Asylum issues, a vote on a bilateral treaty with the European Union and the trial of a notorious extremist dominated the news headlines this week in Switzerland.

Asylum issues, a vote on a bilateral treaty with the European Union and the trial of a notorious extremist dominated the news headlines this week in Switzerland.

The justice minister, Ruth Metzler, visited Kosovo this week for talks on the planned repatriation of refugees from Switzerland. She met families who have already returned under a voluntary scheme and signed an agreement with the United Nations administration in the province.

About 30,000 people, who fled the conflict in Kosovo last year, are facing forcible repatriation from June, despite concerns by human rights groups.

The president, Adolf Ogi, this week outlined plans to invite 100 children from Bosnia-Herzegovina and Kosovo for a two-week holiday this summer. The project aims to offer some of the children worst affected by conflict a chance to recuperate in the Swiss countryside.

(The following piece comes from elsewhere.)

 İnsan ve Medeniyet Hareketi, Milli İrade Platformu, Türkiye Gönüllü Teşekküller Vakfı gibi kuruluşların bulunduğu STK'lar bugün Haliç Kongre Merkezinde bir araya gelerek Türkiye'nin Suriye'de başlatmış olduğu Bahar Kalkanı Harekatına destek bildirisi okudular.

Ogi also made the news headlines with a two-day visit to Britain where he held talks on security and sports issues. And he met members of the royal family, including Prince Charles, in London before the heir to the throne left for a traditional skiing holiday in the Swiss resort of Klosters.

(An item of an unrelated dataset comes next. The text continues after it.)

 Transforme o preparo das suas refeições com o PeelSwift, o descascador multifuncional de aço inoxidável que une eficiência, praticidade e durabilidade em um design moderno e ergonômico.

In Lausanne, a notorious Swiss fascist and Holocaust revisionist, Gaston-Armand Amaudruz, went on trial this week.

The 79-year old, considered the main spokesman of Switzerland’s fascists for many years, was charged with racial discrimination because he denied Nazi gas chambers in magazine articles. The prosecution has called for a 15 month prison sentence, and a verdict is expected in the next few days.

There was a glimmer of hope for 3,000 employees of the telecommunications operator, Swisscom, who are facing forced redundancies.

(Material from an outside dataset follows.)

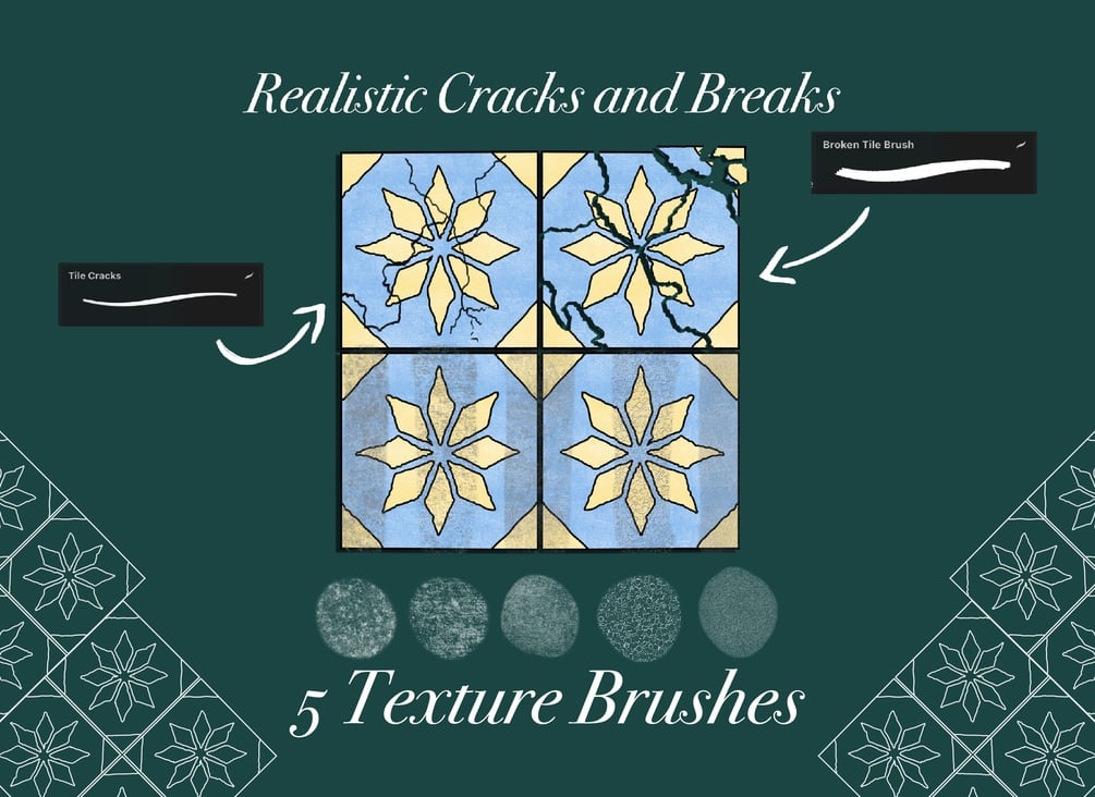 - -Layer and mix any of the 5 included texture brushes to create realistic surfaces for your tiles.

The government, as the majority shareholder, said Swisscom had an obligation to try to find solutions compatible with its mandate. The cabinet also announced extra measures to help employees affected by the planned job cuts.

This week, it was the turn of the main employers organisation, a farmers lobby group and the 26 cantons to take a stance on Switzerland’s bilateral treaties with the European Union. Like the government, parliament and the trade unions before, they all recommended approval of the accord. Only far-right political parties oppose it.

And as the build-up to the May vote continues, the figurehead of the right-wing People’s Party, Christoph Blocher, kept up his campaign against rivals from within his own party and from other groups. Blocher attacked what he says are totalitarian tendencies in Switzerland’s political system and state intervention in private ownership.